Yeshiva's current Board of Trustees is listed here on the University web-site, but without any detail about the people whose names appear there. A bit of Google searching revealed that the group included, besides Merkin and Madoff,
- Morry J Weiss (chairman), who is on the advisory board of Primus Venture Partners, a private equity firm
- Sy Syms (vice chairman), who is on the board of the Israel Discount Bank of New York
- Alan E Goldberg (treasurer), who is co-managing partner and co-founder of Lindsay Goldberg, a private equity firm
- Israel A Englander, who is co-founder if I A Englander & Co, a financial derivatives trading firm, and founder of Millennium Partners, a hedge fund (also note that Millennium Partners and Mr Englander personally settled lawsuits in 2005 that charged they used an elaborate scheme using market timing, as per this NY Times story)
- Ruth L Gottesman, the spouse of David Gottesman, the founder and senior managing director of First Manhattan Company, an investment adviser, (and also a former chairman of the Yeshiva University board)
- Lance L Hirt, another partner at Lindsay Goldberg, a private equity firm (see above)
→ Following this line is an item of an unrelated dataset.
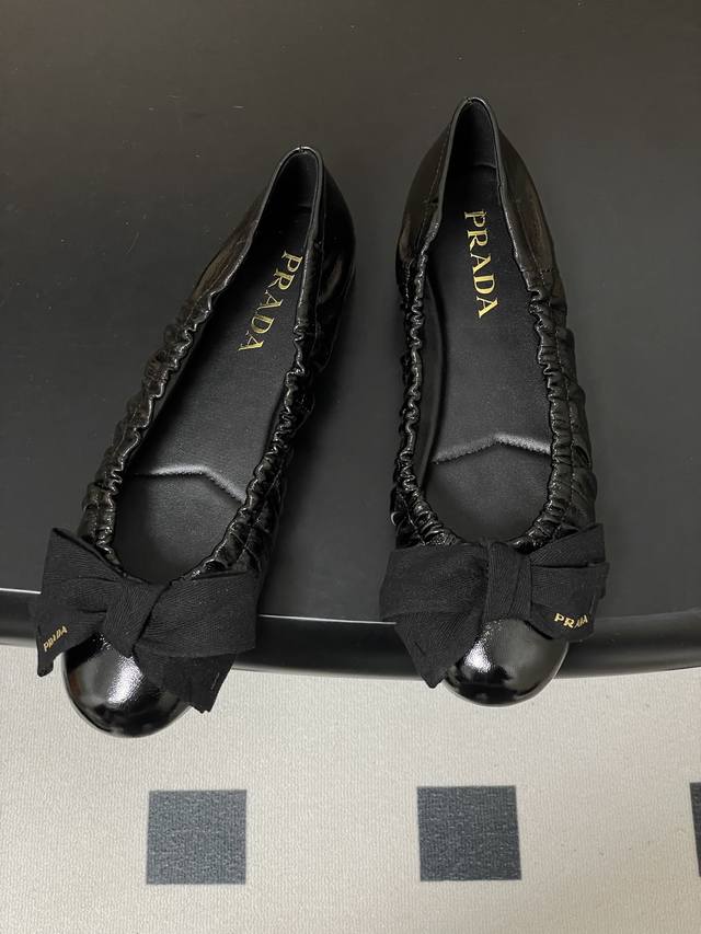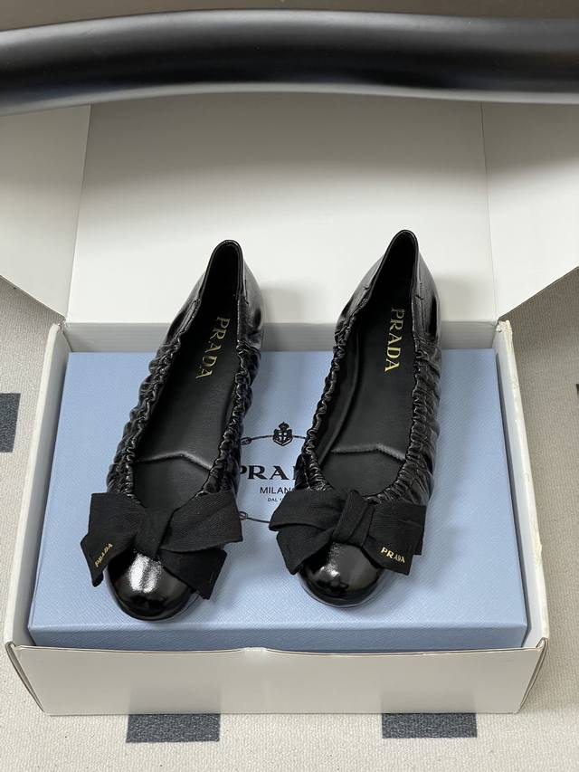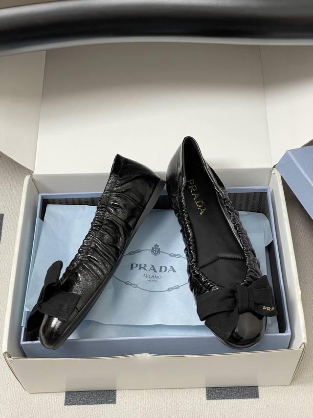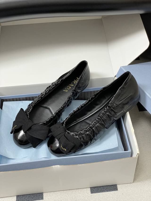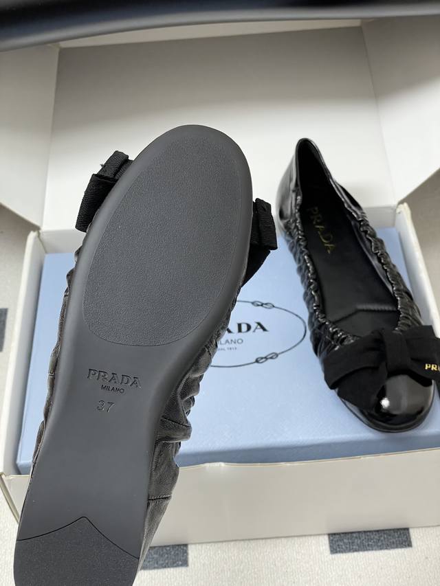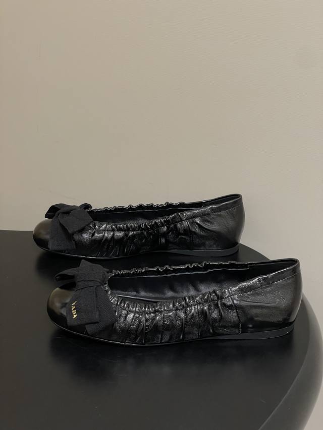 FFF 顶级品质 配高档飞机盒 DDD 26Ss早春新款Prada普拉达 法式大蝴蝶结芭蕾舞鞋褶皱玛丽珍单鞋超软超舒服平底船鞋 DDD 这款蝴蝶结芭蕾舞鞋,柔软细腻,黑色蝴蝶结点缀,法式优雅复古感满满。鞋型贴合脚部,松紧口设计,穿着舒适不勒脚,适合长时间行走。金色光泽在光线下超吸睛,无论裙装还是裤装都能轻松驾驭,日常或正式场合都很出彩。鞋底轻便,兼具美观与实用,是芭蕾舞鞋爱好者的理想选择!鞋面的褶皱设计很软乎,踩上去像踩在云朵上,暴走一天也不累脚,配裤子慵懒松弛,配裙子又成了甜系公主,一鞋多搭太香了~ D

- Michael Jesselson, the president of Jesselson Capital, an investment company
- Henry Kressel, a partner and senior managing director of Warburg Pincus, a venture capital company
So, before the resignation of Madoff and Merkin, nine of the 40 officers and trustees of Yeshiva University were in finance, all in leadership positions (and the board also included the spouse of another financial leader). Most were not in retail banking or retail stock brokerages, but in the more exotic areas of finance that are most associated with the global economic collapse, including derivative trading, hedge funds, private equity, etc.
On one hand, it would appear that a board so heavily stocked with finance leaders ought to have been sophisticated enough to do the due diligence their role required in evaluating the university's investments. On the other hand, perhaps the enrichment with finance people created a clubby atmosphere that discouraged questioning their fellow financiers too closely.
That almost 25% of Yeshiva University's board was composed of finance leaders is striking, given that the US Bureau of Labor Statistics estimates that less than 6% of employed people work in finance. But note that we previously found that 50% of the Harvard Fellows (the equivalent of their board of trustees' executive committee), and 69% of Dartmouth College's charter (self-appointed, as opposed to elected by alumni) trustees were leaders in the financial sector. This is somewhat anecdotal evidence, but it suggests that leaders of finance are much more prevalent among the top leadership of elite US institutions of higher education than would be explained by their prevalence in the population.
This raises the question of why financial leaders seem to have become so prevalent in academic leadership. This question is important, since this prevalence seems to have increased in a time when the culture of the leadership of the financial sector seemed to become more and more alien to the values that academic leaders ought to support, culminating in a global financial collapse that many blame on the sector leaders' arrogance, greed, and sometimes outright corruption.
At least it seems a reasonable hypothesis that some of the problems of academia, and particularly the problems of medical academia, may have been at least enabled by leadership more used to working in an increasingly amoral marketplace than to upholding the academic mission.
We hope that there will be more interest in who now leads academia, especially medical academia, how they got there, and what they have wrought.